I went into the bedroom and laid down on top of the covers, pulling the throw over me. The lights flickered and the illuminated dial of the clock radio glowed for several seconds, but the room went black again and I closed my eyes to try to sleep.
It was one o'clock when the phone rang.
"Hello?"
"Sorry to disturb you, Ms. Cooper. It's me, Benito. The super aksed me could you come downstairs, please?"
"Why?"
"Look, I'm only doing what he told me. I'm calling all the A apartments. He has me working a double shift here," Benito said, pausing before he brought up the deadly reference. "He don't want me to be saying this to everyone, Ms. Cooper, 'cause we don't want no kind of panic. But-like-think of nine-eleven. We don't want people stuck upstairs if there's some kind of electrical fire."
I was bolt upright. "Fire? He thinks it's a fire?"
Benito clucked his tongue in annoyance. "I'm not saying there's no fire. It's a just-in-case kind of thing. Nobody told us what it is yet. The first guy that got here, he's started at the bottom. They're gonna check every hallway, go inside and check your electrical panels."
"I really don't want to leave the apartment.

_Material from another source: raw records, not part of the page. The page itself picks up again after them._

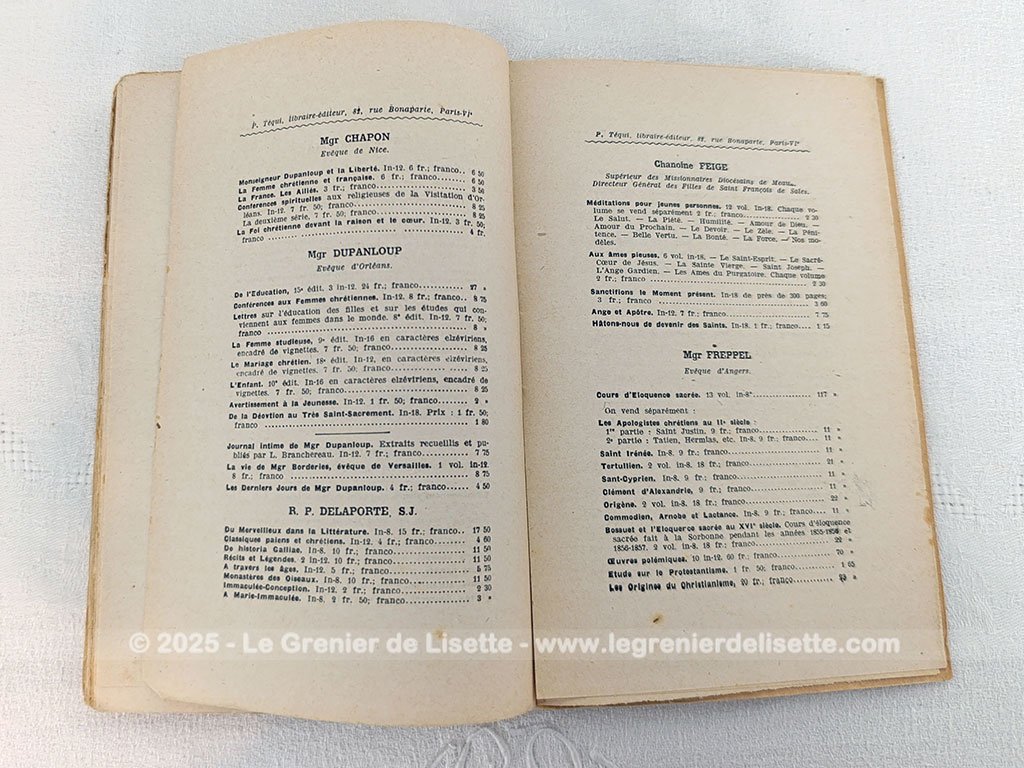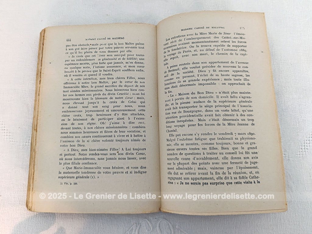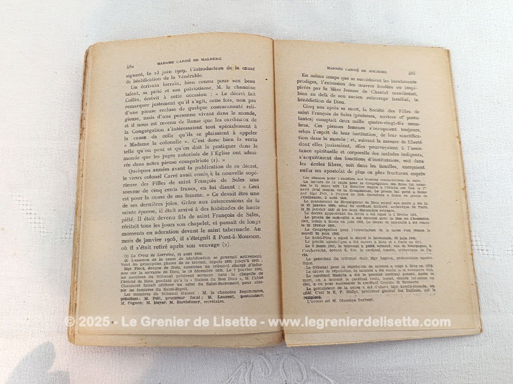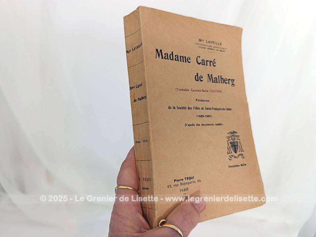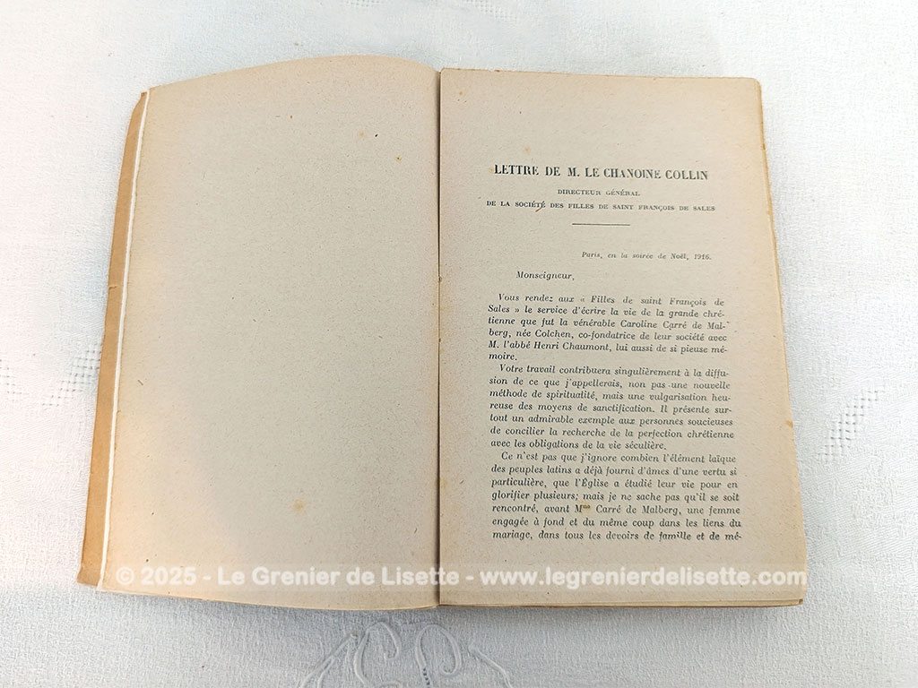 Voici un ouvrage au charme ancien, à la couverture souple et aux pages coupées à la main. Ce livre renferme le récit émouvant d’une femme discrète mais au destin hors du commun. Le destin de celui de Madame Carré de Malberg, née Caroline Colchen en 1829, fut épouse, mère, puis veuve, marquée par la douleur mais illuminée d’une foi profonde. Le livre retrace sa vie dans une époque troublée. En effet, elle choisit la voie de l’abandon total à Dieu tout en restant pleinement femme du monde. Refusant le cloître, elle fonde l’Œuvre des « Filles de Saint François de Sales », une société de vie spirituelle ouverte aux femmes laïques, engagées dans la société. Sous la plume bienveillante de Mgr Laveille, ce livre tisse à travers des documents originaux les fils d’une vie toute donnée, traversée d’épreuves, de silences et de rayonnements intérieurs. La couverture est un carton souple, les pages coupées à la main avec différentes tailles, ont les bordures légèrement ombrées par le temps passé.
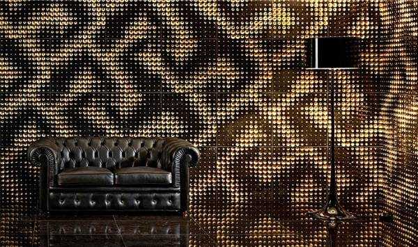 Этот материал применяется в дизайне ни так давно, но уже успел зарекомендовать себя с самой лучшей стороны. Обычно ими украшают одну отдельно взятую стену с целью акцентирования внимания на определенной области помещения. Такая красота не всем по карману, поэтому и встречается крайне редко.
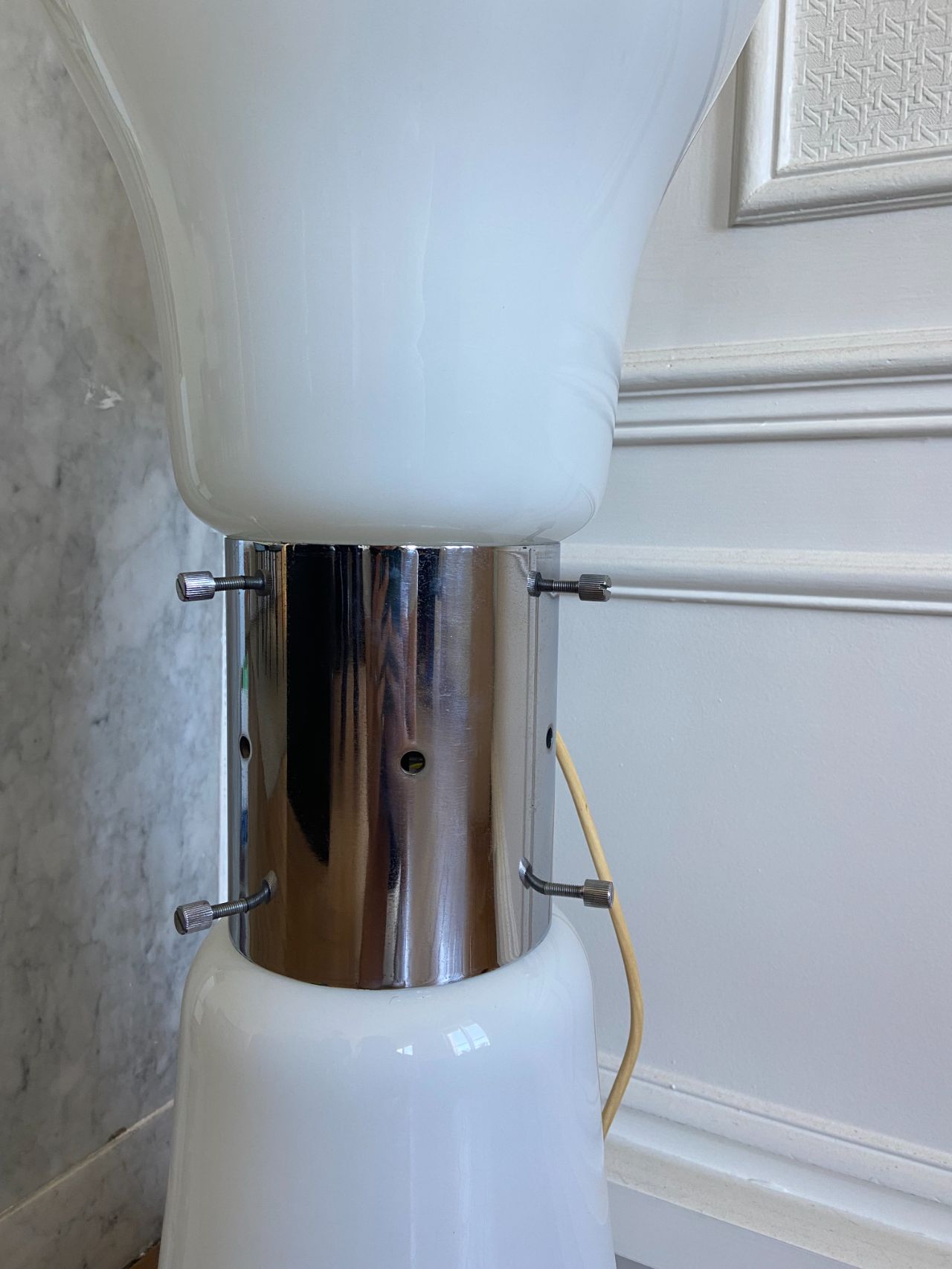 Lampadaire en verre et métal chromé.

I'd rather be here," I said, thinking of the valuables I had around the place.
"Don't worry, Ms. Cooper. The super's coming with him. The guy won't be in there alone. It just could be a really dangerous thing."
The thought of getting zapped like Joe Berk or asphyxiated in a fire smoldering behind the apartment walls was enough to move me. I didn't need the reference to the unspeakable tragedies of 9/11.
"And you can't be using the elevator, Ms. Cooper. They had to shut that down."
"Why?"
"You're axing a lot of questions I can't answer. I guess that's how come you're a lawyer. Somebody smelled that kind of electrical-like, rubber-burning smell. We don't want to panic nobody, but they says you should come downstairs."
I threw my purse in the bottom of my linen closet, put my keys and cell phone in my pocket, and tossed on a leather jacket in case I decided to leave the lobby for a friend's house as events developed closer to morning. The last thing I brought was the flashlight.
The twentieth-floor hallway was quiet, and as I passed the elevator bank I paused to sniff the air to see whether I smelled anything unusual. If there was something on fire, that odor was overwhelmed by the remains of a neighbor's curried takeout, in containers still sitting next to the trash compactor.
I opened the door to the stairwell and was surprised to find that it was pitch black. I backtracked into the hallway and flipped open the phone to call the concierge desk again, but the number was busy.